(ACTIVITY)
All lines from the one that contains "- 顶级域名服务器(Top-level DNS" through the close of the entries below are to be repeated exactly, without any pictures.

Recorded data:

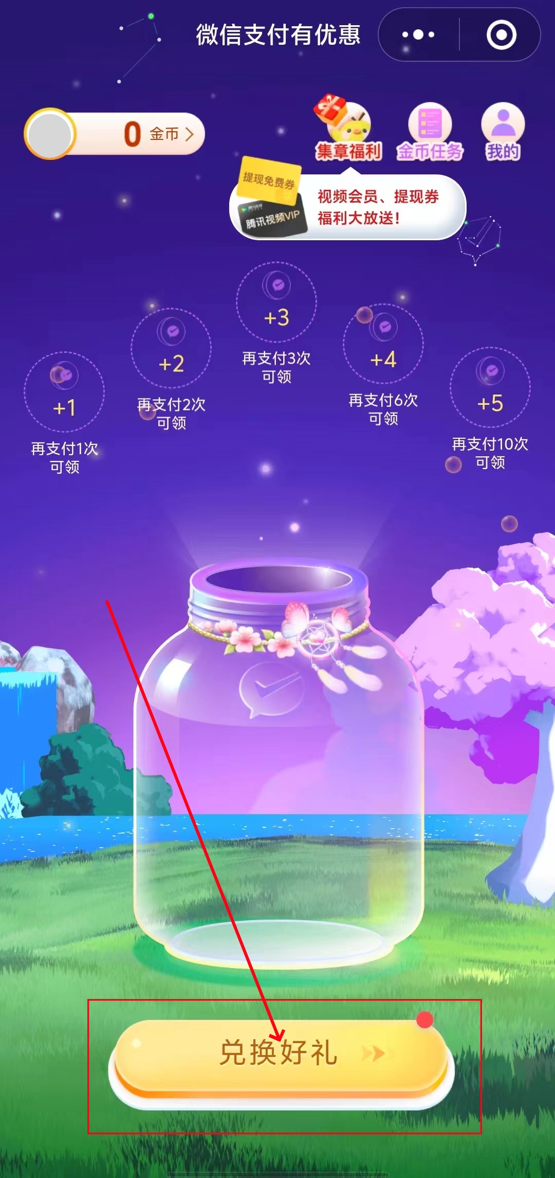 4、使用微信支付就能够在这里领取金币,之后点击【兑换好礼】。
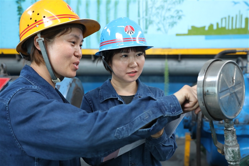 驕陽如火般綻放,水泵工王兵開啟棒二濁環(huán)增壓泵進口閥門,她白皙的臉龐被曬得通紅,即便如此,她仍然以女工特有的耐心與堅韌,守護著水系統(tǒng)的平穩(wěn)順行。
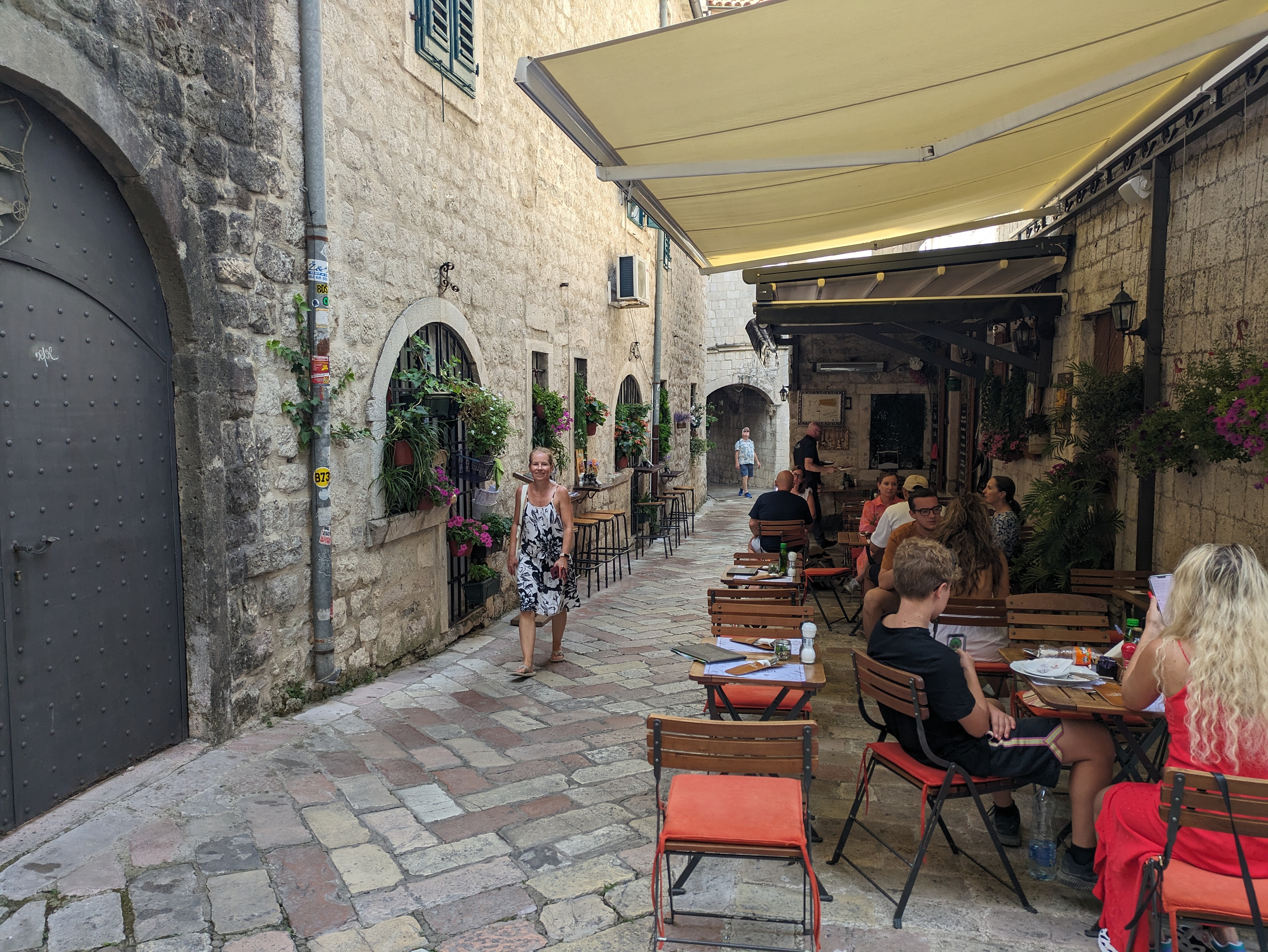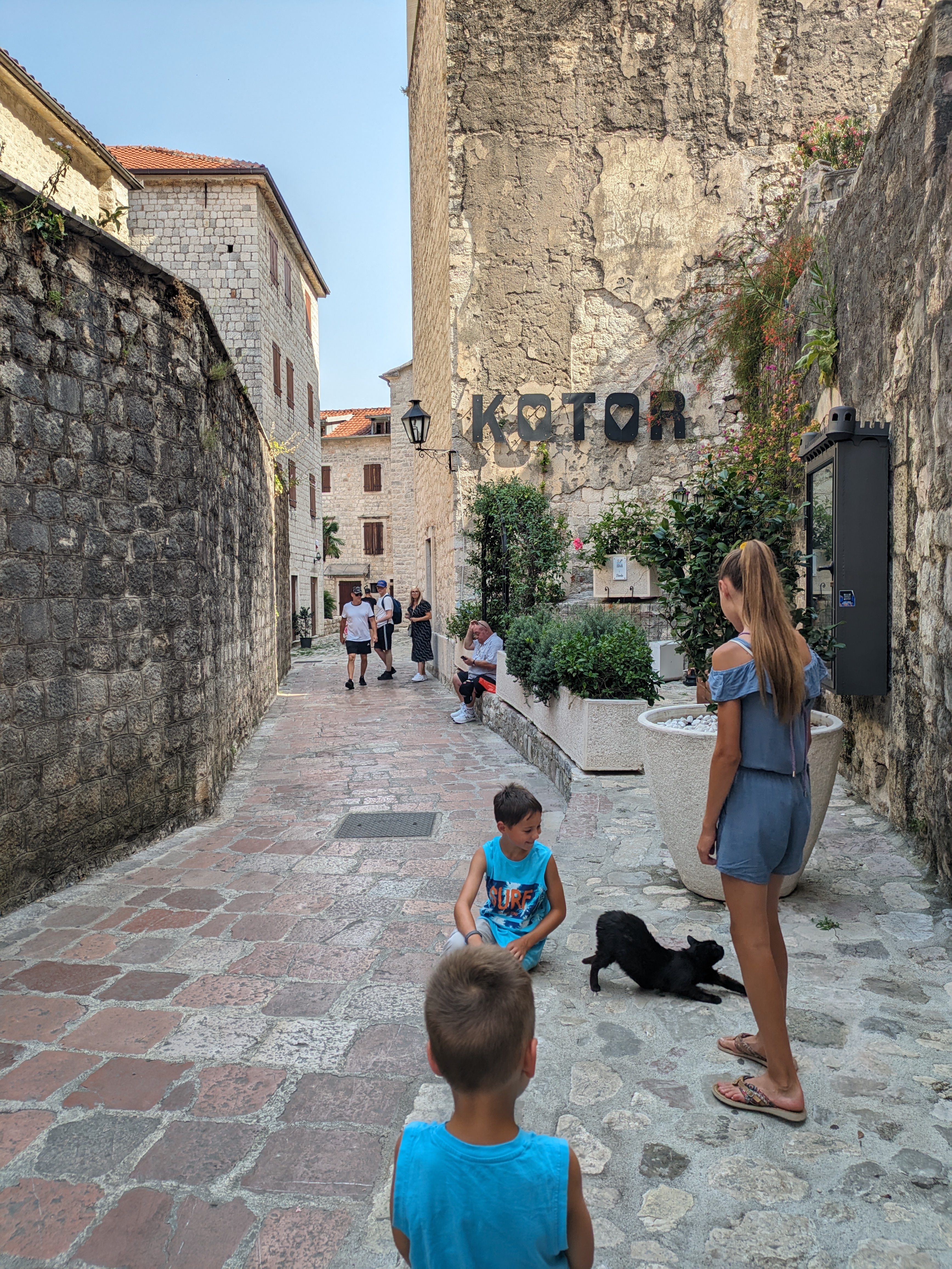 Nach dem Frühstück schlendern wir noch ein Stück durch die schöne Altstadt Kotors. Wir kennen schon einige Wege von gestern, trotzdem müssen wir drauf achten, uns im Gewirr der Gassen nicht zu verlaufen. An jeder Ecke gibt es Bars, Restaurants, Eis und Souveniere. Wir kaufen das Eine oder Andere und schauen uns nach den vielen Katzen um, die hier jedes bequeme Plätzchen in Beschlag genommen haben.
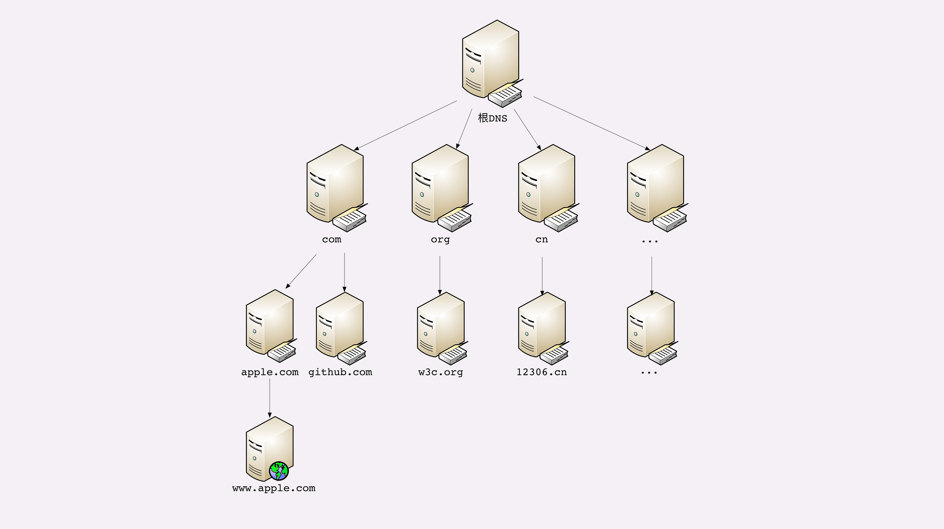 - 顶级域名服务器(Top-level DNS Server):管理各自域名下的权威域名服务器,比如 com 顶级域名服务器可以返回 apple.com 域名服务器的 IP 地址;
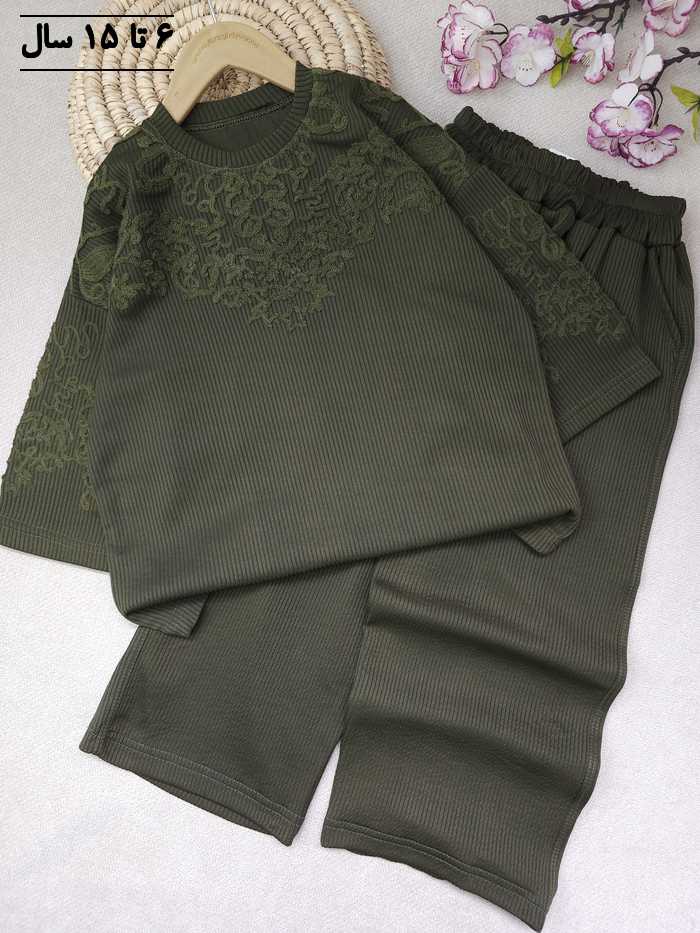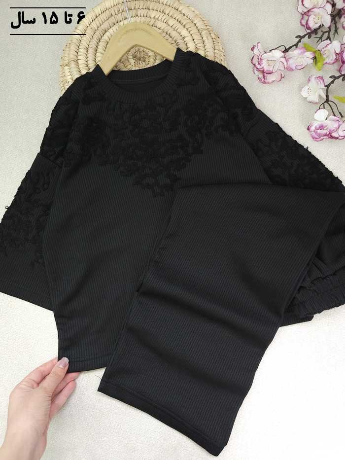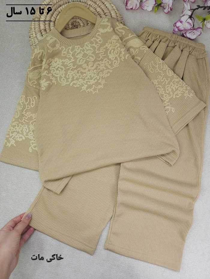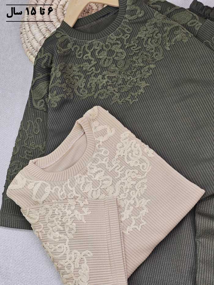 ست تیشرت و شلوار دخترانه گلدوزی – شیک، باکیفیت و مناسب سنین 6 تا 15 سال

(TASK RESPONSE)
 - 顶级域名服务器(Top-level DNS Server):管理各自域名下的权威域名服务器,比如 com 顶级域名服务器可以返回 apple.com 域名服务器的 IP 地址;
 ست تیشرت و شلوار دخترانه گلدوزی – شیک، باکیفیت و مناسب سنین 6 تا 15 سال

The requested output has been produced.